Wednesday, June 21st 2017

NVIDIA Announces the Tesla V100 PCI-Express HPC Accelerator

NVIDIA formally announced the PCI-Express add-on card version of its flagship Tesla V100 HPC accelerator, based on its next-generation "Volta" GPU architecture. Based on the advanced 12 nm "GV100" silicon, the GPU is a multi-chip module with a silicon substrate and four HBM2 memory stacks. It features a total of 5,120 CUDA cores, 640 Tensor cores (specialized CUDA cores which accelerate neural-net building), GPU clock speeds of around 1370 MHz, and a 4096-bit wide HBM2 memory interface, with 900 GB/s memory bandwidth. The 815 mm² GPU has a gargantuan transistor-count of 21 billion. NVIDIA is taking institutional orders for the V100 PCIe, and the card will be available a little later this year. HPE will develop three HPC rigs with the cards pre-installed.
Add your own comment

13 Comments on NVIDIA Announces the Tesla V100 PCI-Express HPC Accelerator

#1
gigantor21
Noob question: how would you calculate peak theoretical TFLOPs based on the listed specs?

Is it 5120 shaders x 2 x 1.3 GHz clock = 14 TFLOPs?

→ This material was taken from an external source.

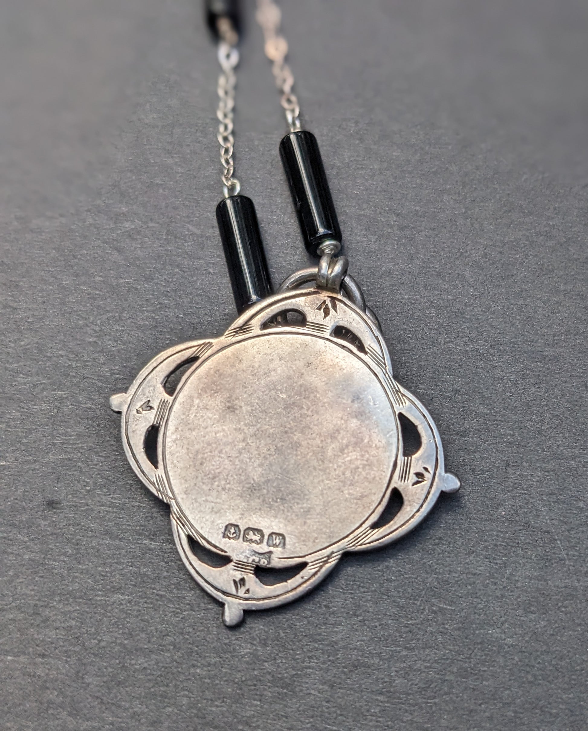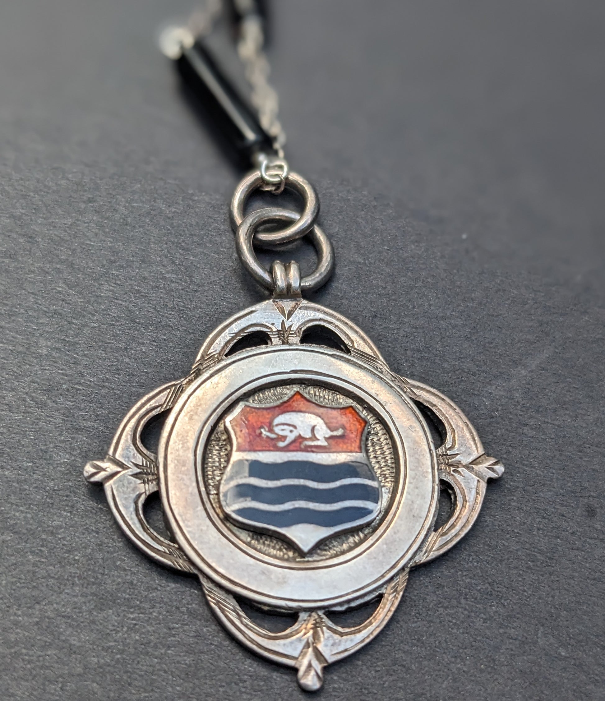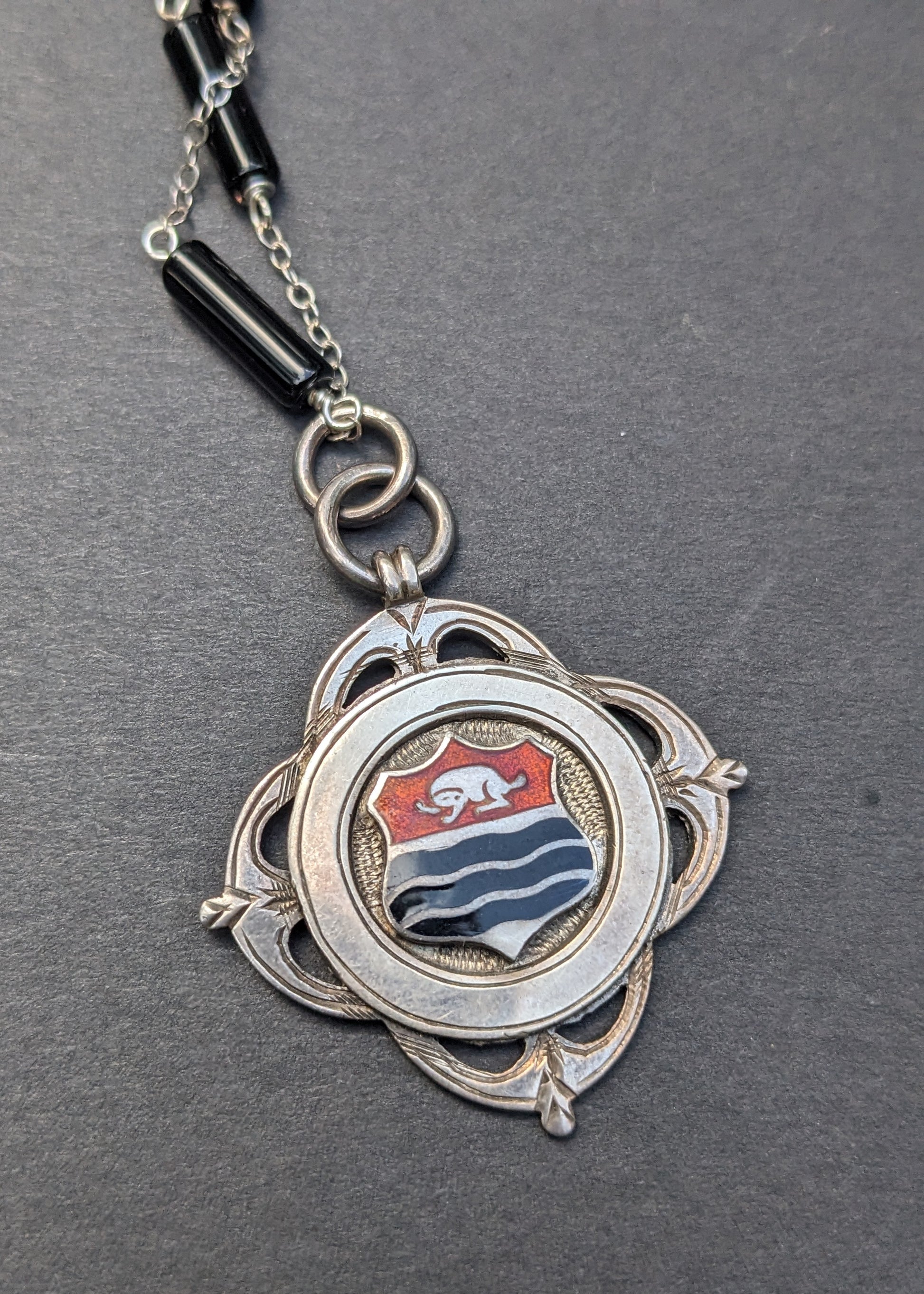 English Award Fob Enamel on Sterling and onyx chain

Or am I missing something?
Posted on Reply
#3
Hugh Mungus
980 ti to 1080 was 50% tflop increase for 30% extra performance. Now we really only have 12 to 15 tflops increase drom p6000 to tesla v100 with SXM2 so the v6000 would have 15.5-ish probably. That's an increase of just 30% in tflops. If the v104 die also gets more CUDA cores, it will have 30% more tflops than a 1080. That basically puts it at 1080 ti computing power and even with optimizations it's likely only going to be 10% faster or so or maybe even less. Best case scenario going from 9.3 to 14 tflops for the pcie variants of tesla cards, even though the p100 hasn't got the full 3840 CUDA cores, that still only gives gv104 13.5tflops and we have seen diminishing returns tflops to framerate, so essentialy that's still only 25% increased framerates over the 1080 ti and really though you should compare 3840 pascal to 5120 volta, so that drops the improvement in framerate down to 20% if you would compare the top of the line tesla pascal that doesn't exist and volta tesla cards to each other.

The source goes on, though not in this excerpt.